Aşılama, yüzyılın ilk yarısında görülen etkileyici ölüm oranı düşüşlerini açıklamıyor... ABD'li çocuklarda bulaşıcı hastalık ölüm oranındaki düşüşün yaklaşık %90'ı, çok az antibiyotik veya aşının mevcut olduğu 1940'tan önce meydana geldi.
20. yüzyıl boyunca Amerikalıların sağlığındaki genel iyileşme, 2 eğilimdeki dramatik değişikliklerle en iyi şekilde örneklenmektedir:
1) yaşa göre düzeltilmiş ölüm oranı yaklaşık% 74 azalırken,
2) yaşam beklentisi% 56 arttı. Önde gelen ölüm nedenleri bulaşıcı hastalıklardan kronik hastalıklara kaymıştır.
1900 yılında, bulaşıcı solunum yolu hastalıkları tüm ölümlerin yaklaşık dörtte birini oluşturuyordu. 1998'de Amerika Birleşik Devletleri'nde önde gelen 10 ölüm nedeni sırasıyla kalp hastalığı ve kanserdi, bunu inme, kronik obstrüktif akciğer hastalığı, kazalar (kasıtsız yaralanmalar), zatürree ve grip, diyabet, intihar, böbrek hastalıkları ve kronik karaciğer hastalığı ve siroz. Bu önde gelen nedenler birlikte tüm ölümlerin %84'ünü oluşturuyordu.
Amerikan nüfusunun büyüklüğü ve bileşimi temel olarak doğurganlık oranı ve doğum sayısından etkilenir. Yüzyılın başından itibaren doğurganlık oranında 1936'da düşük bir noktaya kadar istikrarlı bir düşüş oldu.
Savaş sonrası bebek patlaması, 15 ila 44 yaşları arasındaki her 1000 kadından 123'ünün doğum yaptığı 1957'de zirveye ulaştı. Bundan sonra, doğurganlık oranları istikrarlı bir düşüşe başladı. Doğum sayısındaki eğilimler, doğurganlık oranındaki eğilimlere paraleldir.
1936'da başlayıp 1956'ya kadar devam eden bu süreçte, anne ölümlerinde 1935'te 100.000 canlı doğumda 582 olan ölümden 1956'da 40'a hızlı bir düşüş oldu. 1950'den bu yana anne ölüm oranı %90 oranında azalarak 1998'de 7,1'e düşmüştür.
Bebek ölüm oranı 20. yüzyılda üstel bir düşüş göstermiştir. 1915'te, 1000 canlı doğumda yaklaşık 100 beyaz bebek, yaşamın ilk yılında öldü; Siyah bebeklerin oranı neredeyse iki kat daha yüksekti. 1998'de bebek ölüm hızı genel olarak 7.2, beyaz bebekler için 6.0 ve siyah bebekler için 14.3 idi. 1 yaşından büyük çocuklar için, 20. yüzyılda ölüm oranındaki genel düşüş muhteşem olmuştur.
1900'de her 100 çocuktan >3'ü birinci ve 20. doğum günleri arasında öldü; Bugün, 1000'de <2'si ölüyor. 20. yüzyılın başında, çocuk ölümlerinin önde gelen nedenleri ishal hastalıkları, difteri, kızamık, zatürree ve grip, kızıl, tüberküloz, tifo ve paratifo ve boğmaca gibi bulaşıcı hastalıklardı.
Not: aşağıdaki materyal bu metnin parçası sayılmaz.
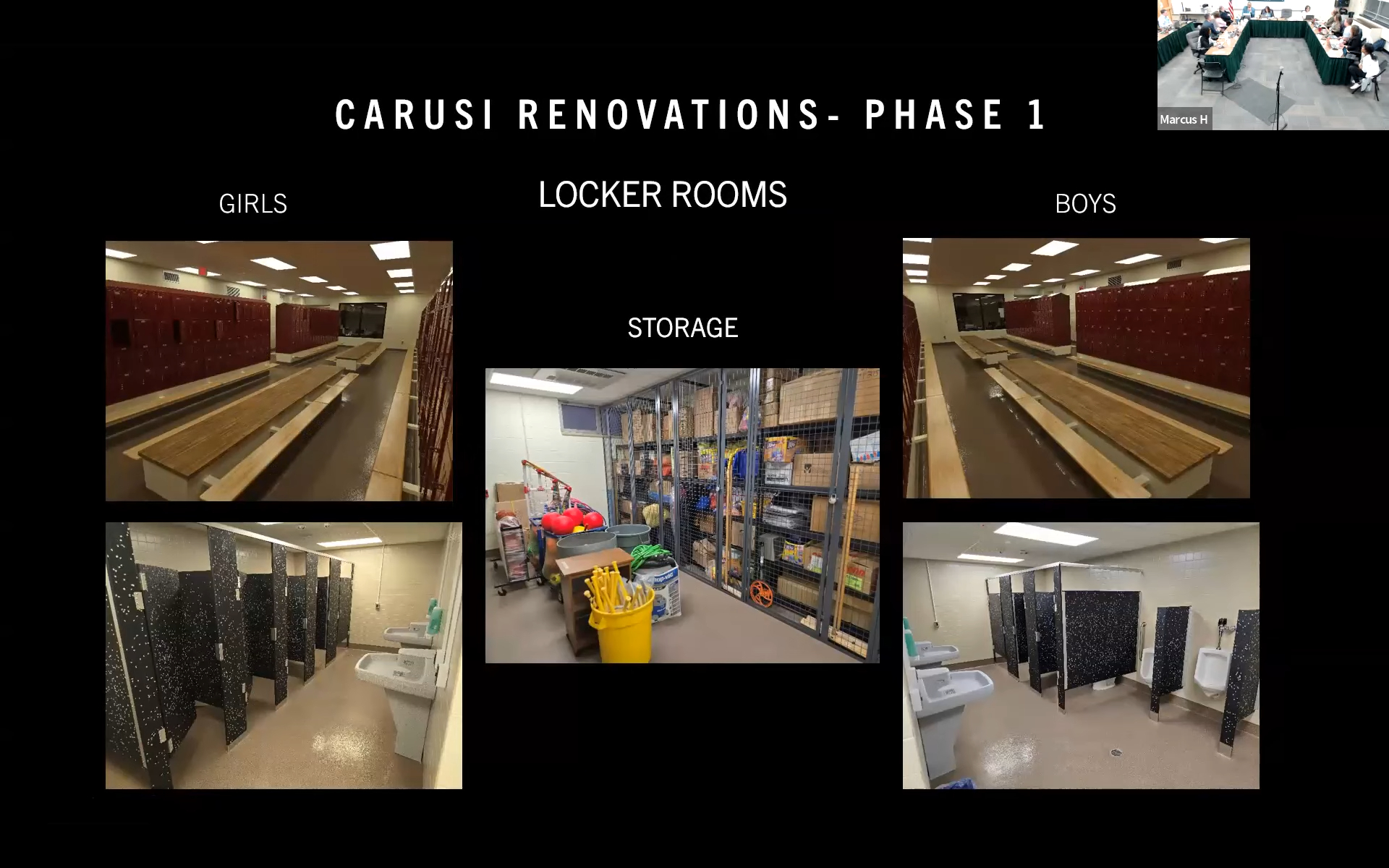 She then highlighted the four-phase upgrades at Carusi Middle School. The district is in the process of wrapping up Phase 1, which includes the renovations of A wing, along with the gym – which will also get insulated panels – locker rooms and the main office area.

1900 ve 1998 yılları arasında, bulaşıcı hastalıklara atfedilebilen çocuk ölümlerinin yüzdesi %61,6'dan %2'ye düşmüştür.
Kazalar 1900 yılında çocuk ölümlerinin %6,3'ünü, 1998 yılında ise %43,9'unu oluşturmuştur.
1900 ve 1998 yılları arasında, şimdi genellikle kasıtsız yaralanmalar olarak adlandırılan kazalardan kaynaklanan ölüm oranı, 47'den üçte iki oranında azaldı. 100.000 başına 5 ila 15.9 ölüm. Çocuk bağımlılık oranı, 20. yüzyılın çoğunda, özellikle ilk 70 yıl boyunca, yaşlı bağımlılık oranını çok aştı.
Yaşlı oranı o zamandan beri kademeli olarak artmıştır ve 2010 yılından itibaren beklenen büyük artış, 2 oranlarındaki farkın 2030 yılına kadar önemli ölçüde azalacağını göstermektedir.
21. yüzyılın zorluğu, çocukların ihtiyaçlarının yaşlanan büyük bir yaşlı nüfusa yönelik artan taleplerle nasıl dengeleneceğidir.